From 26583da2ea985348ad29e6fd5afc5bf0c2830ae0 Mon Sep 17 00:00:00 2001
From: tuan <tuanhxh1@gmail.com>
Date: Fri, 21 Apr 2023 15:41:27 +0700
Subject: [PATCH] Update Script Block Text When Run Phant0m Script

---
 .../powershell/powershell_script/posh_ps_susp_keywords.yml  | 6 ++++--
 1 file changed, 4 insertions(+), 2 deletions(-)

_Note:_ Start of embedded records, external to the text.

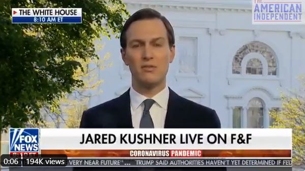 So anyway, here's Jared Kushner, crown prince of the coronavirus fuckups, to tell us all on "Fox & Friends" what a smashing success this all is, on behalf of the 59,692 people who have died so far.
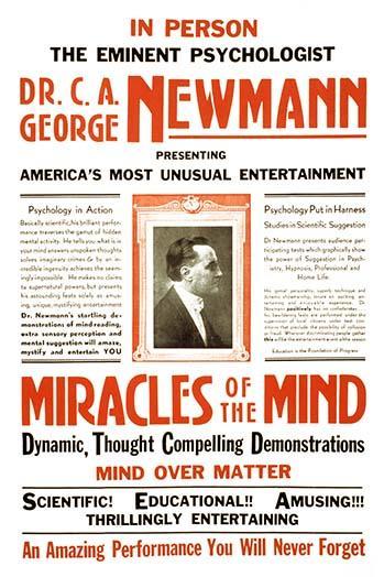 12inch x 18inch Poster In person the eminent psychologist, Dr. C.A. George Newmann presenting America's most unusual entertainment miracles of the mind There is a border around the image. The image size is correct.
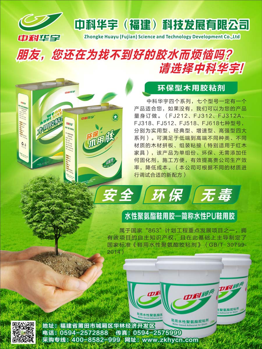 主要產品:中科華宇牌、中科神舟牌鞋用水性聚氨酯膠粘劑、環(huán)保型木用膠粘劑、晶瓷王、無苯無醛萬能膠等膠粘劑產品
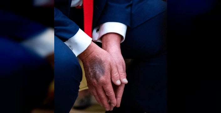 ABD medyası, geçen hafta, 79 yaşında göreve başlayan en yaşlı başkan olan Trump'ın sağ elindeki aylardır geçmeyen morluğu ve sol elindeki renk değişimlerini tekrar gündeme getirmişti. Beyaz Saray, daha önce bu morlukları, Trump'ın sürekli el sıkışmasına ve aspirin kullanımına bağlamıştı. Trump, seçim döneminde eski Başkan Joe Biden'ı yaşlılık ve sağlık sorunları nedeniyle eleştirmişti.
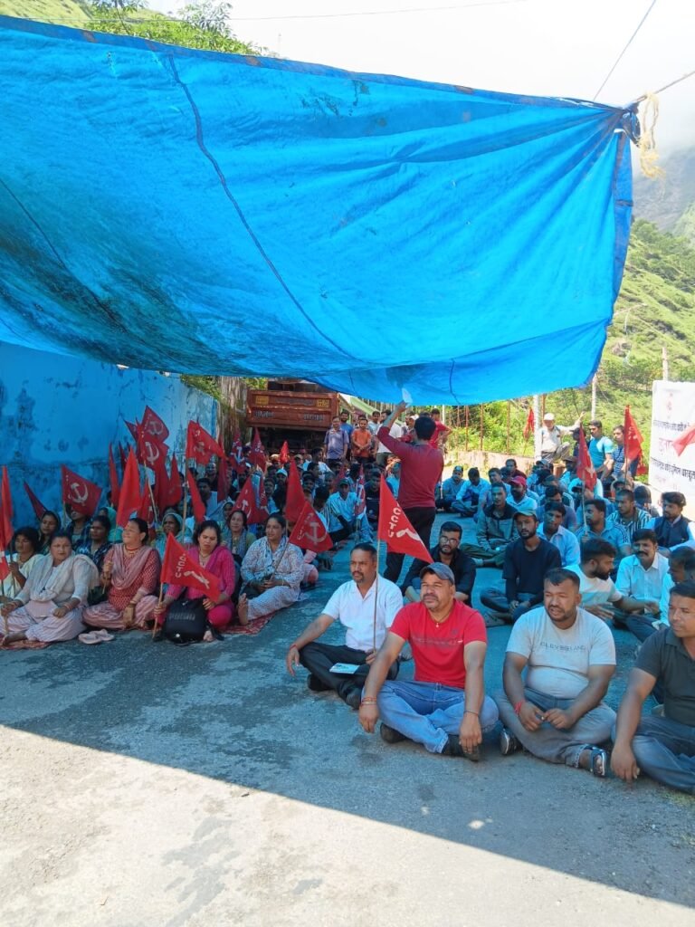 धारचूला/ पिथौरागढ़। ऑल इण्डिया सेन्ट्रल काउन्सिल ऑफ ट्रेड यूनियन (ऐक्टू) से सम्बद्ध एनएचपीसी कॉन्ट्रैक्ट वर्कर्स यूनियन ने वेतन में चोरी के खिलाफ आज से अनिश्चितकालीन हड़ताल का आगाज़ कर दिया है। यूनियन ने एनएचपीसी के धौलीगंगा परियोजना मुख्यालय के बाहर प्रदर्शन कर धरना दिया। इससे एक दिन पहले, यूनियन ने शहर में एक मशाल जुलूस भी निकाला था।
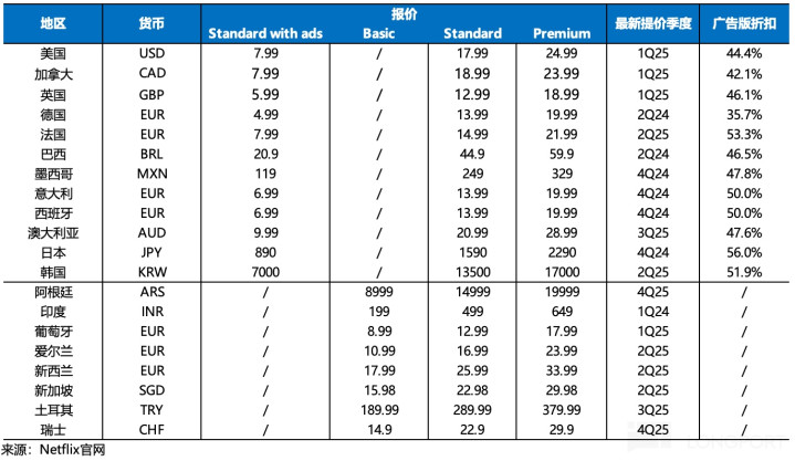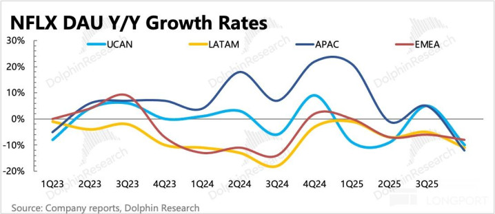 虽然过去一年,Netflix 在国际地区(主要是亚洲)用户增长有良好势头,但无奈人均付费单价不足北美一半,因此短期增长还得靠在成熟市场的垄断优势下涨价。25 年初北美、欧洲地区的陆续涨价,在四季度年末看到了明显的涨价效应。而在非成熟地区,涨价则很容易打压用户规模的增长趋势,因此 Netflix 涨价频次不高。4Q25 当季主要针对阿根廷地区一年内第三次涨价,这纯粹是为了缓冲汇率影响。
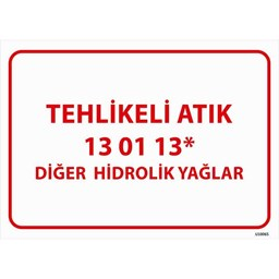 Tehlikeli Atık Uyarı Levhası – Diğer Hidrolik Yağlar 13-01-13, tehlikeli atık sınıfına giren hidrolik yağların bulunduğu alanlarda çalışanları uyarmak ve
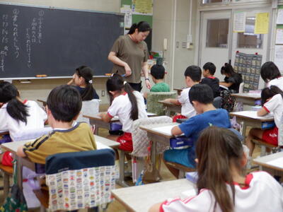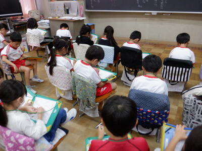 | 2年生の書写では、「よこ画」「たて画」「右はらい」「まがり」など、基本的な筆使いを丁寧に学習しました。今回は「雨音」や「公園」といった言葉を題材に、文字の形やバランスを意識しながら、集中して取り組む姿が見られました。 書写の時間になると、教室は一気に静まり返り、子どもたちは筆先に気持ちを込めて文字を書いています。一画一画に心を込めて書くことで、文字の美しさだけでなく、集中力や丁寧さも育まれていきます。 これからも、書写を通して「書くことの楽しさ」や「美しい文字への関心」を深めていってほしいですね。 |

diff --git a/rules/windows/powershell/powershell_script/posh_ps_susp_keywords.yml b/rules/windows/powershell/powershell_script/posh_ps_susp_keywords.yml
index 9e7a60869..03ea34346 100644
--- a/rules/windows/powershell/powershell_script/posh_ps_susp_keywords.yml
+++ b/rules/windows/powershell/powershell_script/posh_ps_susp_keywords.yml
@@ -7,9 +7,9 @@ references:
     - https://github.com/PowerShellMafia/PowerSploit/blob/d943001a7defb5e0d1657085a77a0e78609be58f/CodeExecution/Invoke-ReflectivePEInjection.ps1
     - https://github.com/hlldz/Phant0m/blob/30c2935d8cf4aafda17ee2fab7cd0c4aa9a607c2/old/Invoke-Phant0m.ps1
     - https://gist.github.com/MHaggis/0dbe00ad401daa7137c81c99c268cfb7
-author: Florian Roth (Nextron Systems), Perez Diego (@darkquassar)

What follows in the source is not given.